È stato identificato e rintracciato il conducente del monopattino che mercoledì pomeriggio, 18 febbraio, aveva investito una donna di 77 anni in via Francesco Crispi a Bari, nel quartiere Libertà. Per la signora investita una prognosi per gravi lesioni, ma con la previsione di una lunga terapia riabilitativa.
Dopo l’impatto con la vittima, l’uomo in monopattino era caduto a sua volta sulla carreggiata, ma era riuscito a rialzarsi e si era dileguato. L’indagine della Polizia locale à stata consequenziale, puntuale e immediata: grazie alle testimonianze raccolte sul posto, alle immagini delle telecamere della videosorveglianza in zona, gli operatori della Locale erano già riusciti poco dopo a recuperare il monopattino coinvolto nell’incidente, raccogliendo inoltre alcune precise indicazioni sul probabile conducente. Il soggetto è stato quindi rintracciato ieri, 19 febbraio, e sottoposto a fermo di polizia per l’identificazione e la contestazione delle ipotesi di reato configurabili.
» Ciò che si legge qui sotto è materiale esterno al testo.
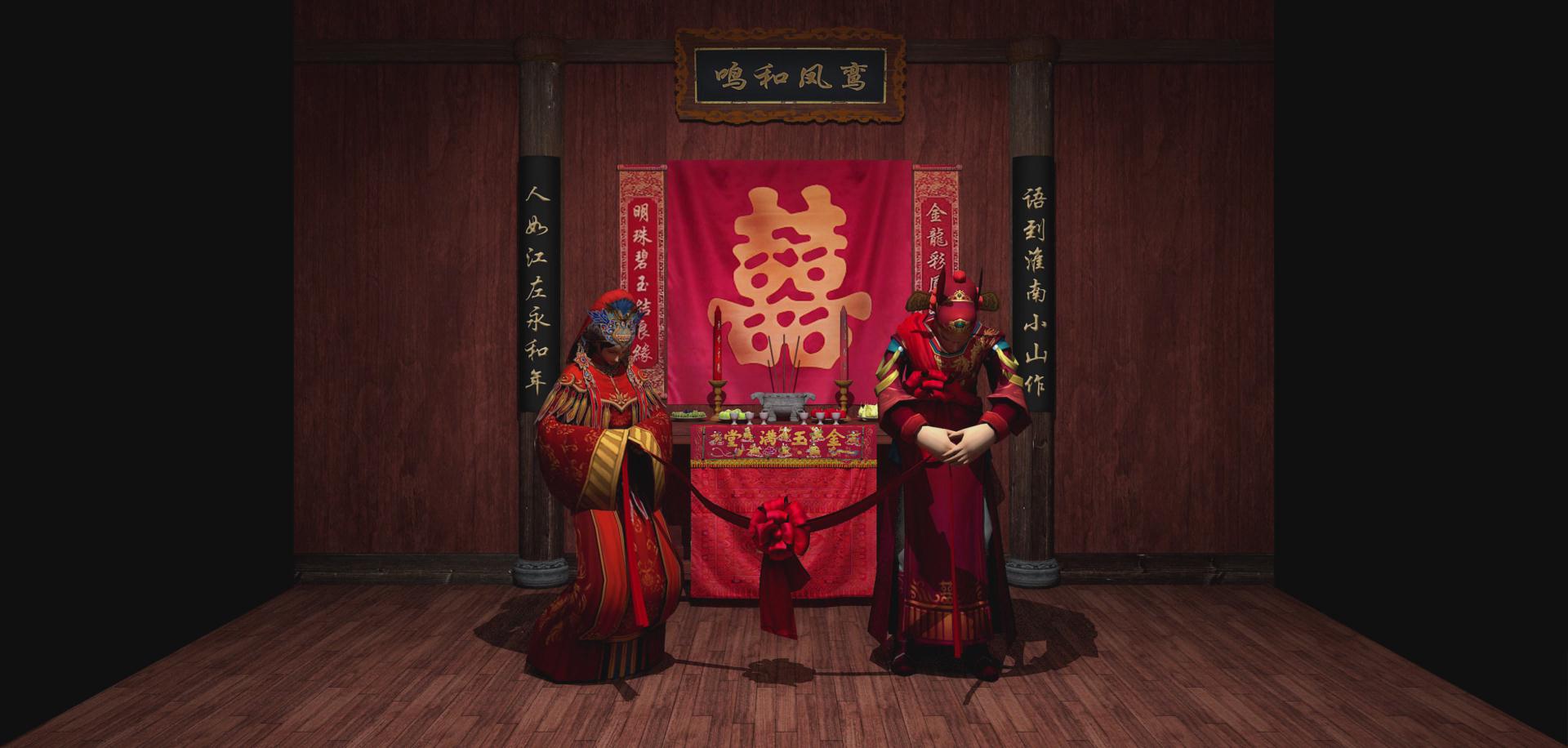 漢族先人認(rèn)為黃昏是吉時(shí),所以會(huì)在黃昏行娶妻之禮,因此夫妻結(jié)合的禮儀稱為“昏禮”,后來演化為婚禮。漢族人認(rèn)為紅是吉祥的象征,所以傳統(tǒng)婚禮習(xí)俗總以大紅色烘托著喜慶、熱烈的氣氛。吉祥、祝福、孝敬成為婚禮上的主旨,幾乎婚禮中的每一項(xiàng)禮儀都滲透著中國(guó)人的哲學(xué)思想。影片描述了漢族傳統(tǒng)婚俗拜堂過程,先是燃炮后是拜堂,體現(xiàn)了中國(guó)傳統(tǒng)文化的精髓。

Si tratta di un uomo di 27 anni, straniero, con permesso di soggiorno in attesa di rinnovo, con precedenti penali. Ha ammesso i fatti e le circostanze. L’ipotesi di reato è la fuga e omissione di soccorso dopo l’incidente stradale, oltre alla denuncia per lesioni ove la donna investita intenda sporgere querela per i danni fisici subiti. Al vaglio dell’autorità giudiziaria, nel giusto contraddittorio con la difesa tecnica garantita all’indagato, tutta l’attività di indagine svolta per le valutazioni del magistrato inquirente.
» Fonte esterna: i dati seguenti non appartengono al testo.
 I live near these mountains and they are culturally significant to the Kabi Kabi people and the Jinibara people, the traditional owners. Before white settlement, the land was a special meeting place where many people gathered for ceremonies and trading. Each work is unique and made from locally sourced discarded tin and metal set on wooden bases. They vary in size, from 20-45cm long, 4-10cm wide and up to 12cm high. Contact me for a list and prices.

“Caparbietà e professionalità degli agenti della Polizia locale hanno permesso di individuare subito l’autore del fatto-reato accertato, che accende un faro su uno dei reati più censurabili del codice della strada – è il commento della Polizia locale – Fuggire dopo essere stati coinvolti o essere parte in un sinistro stradale (ma anche se solo parti passive nell’evento), denota scarso rispetto dell’altro e molto spesso, il mancato immediato soccorso – che consiste anche nell’ allertare subito i servizi sanitari o le forze di polizia – può causare seri danni o perfino la morte delle vittime negli incidenti stradali”.